Вспоминая, какие и когда тут висели плакаты, мы добрались до давнишнего «Болтун – находка для шпиона» и перескочили к позднейшим, вроде «Раздавить врага в его логове!», и, вернулись к совсем уже далеким временам, когда мы ходили в первый или второй класс, а по городу были расклеены плакаты «Войны мы не хотим, но в бой готовы» и «Чужой земли мы не возьмем ни пяди, но и врагу не отдадим»... И Мишка говорил: «А ты помнишь ...», и я говорил: «А ты помнишь...», и от плакатов мы перебросились к белейшим батонам, которые продавали тогда без карточек, сколько угодно в одни руки, а от батонов – к бубликам, кренделям и обсыпанной сахарной пудрой венской сдобе – кто-то из нас припомнил, что была ведь, была такая!... и мы ощутили себя вдруг ни дать, ни взять теми самыми стариками, которые вспоминают за чаем, сколько стоила когда-то дюжина пирожных в кондитерской «Шарляу», и сколько – фунт сахару, и нам сделалось отчего-то неловко и даже стыдно, и мы помчались дальше.
Впрочем, обнаружив, до чего же мы оба древние старики, мы с Мишкой уже не мчались, как раньше, а довольно степенно вышагивали по улице, ведущей к крепости. Однако не только в нашей степенности было дело. Чем ближе к центру, тем больше становилось народа. Люди все плотней заполняли тротуары, сквозь густевшую мл глазах толпу трудно было пробиться. На угловых домах, над воротами швейной фабрики, на городском почтамте– всюду алели флаги. Лица вокруг были так оживлены, так весело взбудоражены, такой безудержной радостью блестели глаза, что ничего похожего я не видел в жизни ни прежде, ни потом. И воздух был мягок, струист, и яркая, пронизанная солнцем зелень кленов и готовых расцвести акаций – ласкова и шелковиста, и весь город пропитался запахом сирени, особенно пышной в ту весну, в толпе тут и там мелькали ее лиловые, белые, фиолетовые грозди. Все шли в одном направлении, запрудив дорогу, перегородив улицу – сухопарые, с капитанской выправкой старики в светлых полотняных фуражках, женщины с худыми, резкими, рано погрубевшими, а теперь как бы отмякшими лицами, юркая, мельтешащая между взрослыми мелюзга, ковыляющие на костылях инвалиды с орденами, прикрученными к линялым, пропотевшим в подмышках гимнастеркам, робко семенящие сторонкой старушки в темных платочках, молодцеватые, в широченных клешах, ребята из мореходного училища, озабоченные и сияющие матери с запеленатыми малышами на руках, школьники вроде нас с Мишкой, школьницы с желтыми, красными, голубыми огоньками атласных ленточек в косичках... Шелестели подошвы, постукивали об асфальт и булыжную мостовую палки и костыли, в воздухе вились голоса, порхал смех, где-то запевали «Катюшу», чьи-то каблуки били чечетку... А впереди, в простреле улицы, вчера еще самой просторной, а сегодня самой тесной в городе, поднималась – белая на синем – стройная, устремленная ввысь колокольня над главными крепостными воротами, на шпиле у нее реял, ходил по ветру волнами красный флаг, а мне вспомнилось, как с палубы моторной рыбницы «49» я смотрел на ее четкий, как из плотной черной бумаги вырезанный силуэт, и как он долго не исчезал позади, будто парил – над городом, над Волгой... Кто-то похлопал меня по плечу: «Эй, парень, а ну гляди веселей!..» Странно, мне казалось, что я улыбаюсь и так же весел, как все остальные.

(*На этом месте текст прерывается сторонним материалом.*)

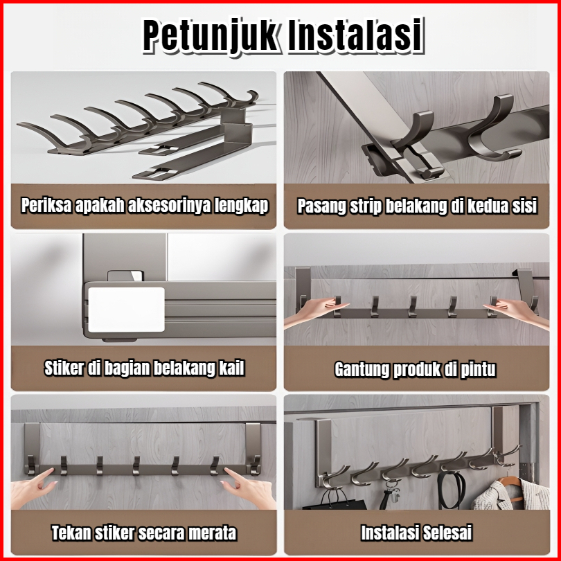 Gantungan Baju Pintu Alumunium Rak Tanpa Paku Kuat Dinding Besar Tebal Premium Gantungan Kamar Tidur Kamar Mandi Door Ho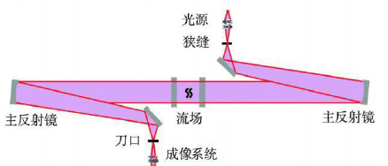 紋影儀是根據(jù)光線通過不同密度的氣流而產(chǎn)生的角偏轉(zhuǎn)來顯示其折射率,是一種測量光線微小偏轉(zhuǎn)角的裝置。它將流場中密度梯度的變化轉(zhuǎn)變?yōu)橛涗浧矫嫔舷鄬鈴姷淖兓,使可壓縮流場中的激波、壓縮波等密度變化劇烈的區(qū)域成為可觀察、可分辨的圖像。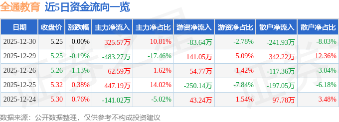 证券之星消息,截至2025年12月30日收盘,全通教育(300359)报收于5.25元,上涨0.0%,换手率0.91%,成交量5.74万手,成交额3011.3万元。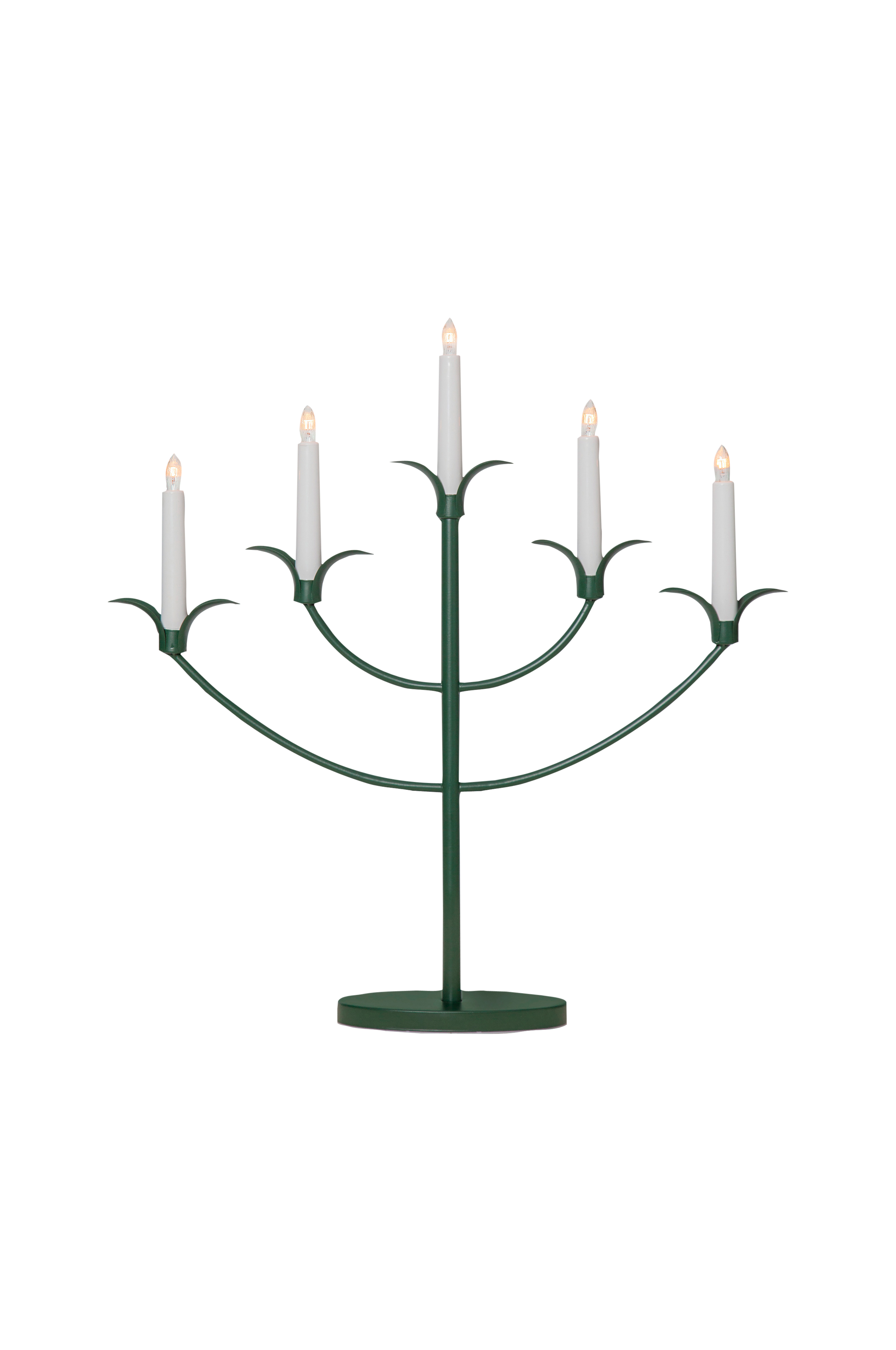 Elljusstake Tilpi i metall med vackra detaljer kring ljushållarna. 5 ljuskällor (medföljer). Mått: Höjd 52 cm, bredd 54 cm, djup 8 cm. Sladdlängd 1,8 m med strömbrytare. Ljuskällor: 5xE10, 1,8 w.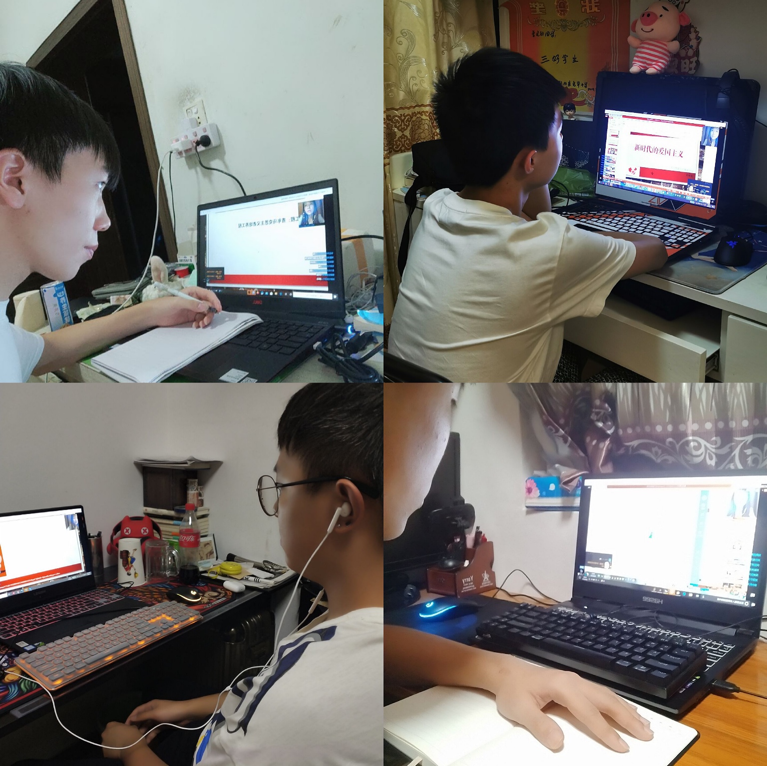 同学们利用网络认真学习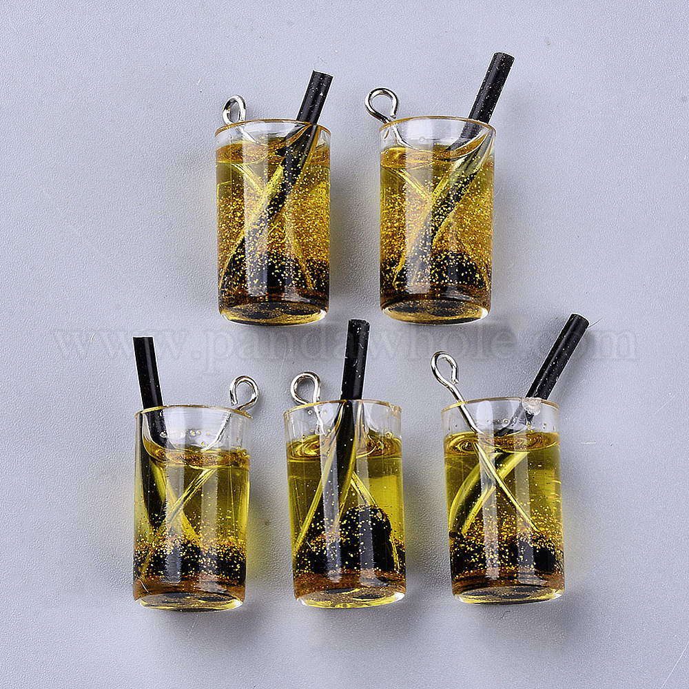 Имитация сока разливное пиво подвески из смолы, с блеском порошок внутри, железные булавки для глаз платинового тона

Спуск со стороны крепостных ворот плавно переходил внизу в огромную, выложенную камнем площадь. Она уже сплошь бурлила народом, но из примыкающих улиц и переулков сюда непрерывным потоком продолжали стекаться люди. В центре заканчивали сколачивать трибуну, оттуда катились гулкие удары топоров по дереву, рассыпчатый перестук молотков. По радио в разных концах площади, вперебой с чуть запаздывающим эхом, гремела музыка. Военные были нарасхват. Вокруг них кипели водовороты, их качали, под крики «ура», подкидывали вверх, целовали, забрасывали сиренью...
Мы с Мишкой стояли под самой крепостной стеной, вблизи неимоверно высокой и мощной. Отсюда и усыпанный народом спуск, и широкая площадь, и облепленные мальчишками крыши – все хорошо было видно. И все, что в эти минуты я видел, мне хотелось навсегда вместить в себя, запомнить. Это – История,– думал я, представляя при этом не учебник с замусоленными, в чернильных крестиках страницами, а живой, грохочущий, ворочающий каменными глыбами горный поток, и чувствуя себя мельчайшей капелькой в радужном облаке повисшей над ним водяной пыли...
Трибуна была закончена. Гремели репродукторы. В промежутках между речами духовой военный оркестр играл марш. Огненные зайцы прыгали по изгибам труб. Обрывалась мелодия – и в тишине, казалось, было слышно, как дышит вся площадь. Когда впереди, внизу, возле трибуны кричали «ура», мы подхватывали вместе со всеми, мы орали «ура» во всю глотку, сливая свои голоса с множеством других, и это был такой острый, пронзительный восторг – чувствовать в подобные секунды одно на всех гигантское тело, одно сердце!..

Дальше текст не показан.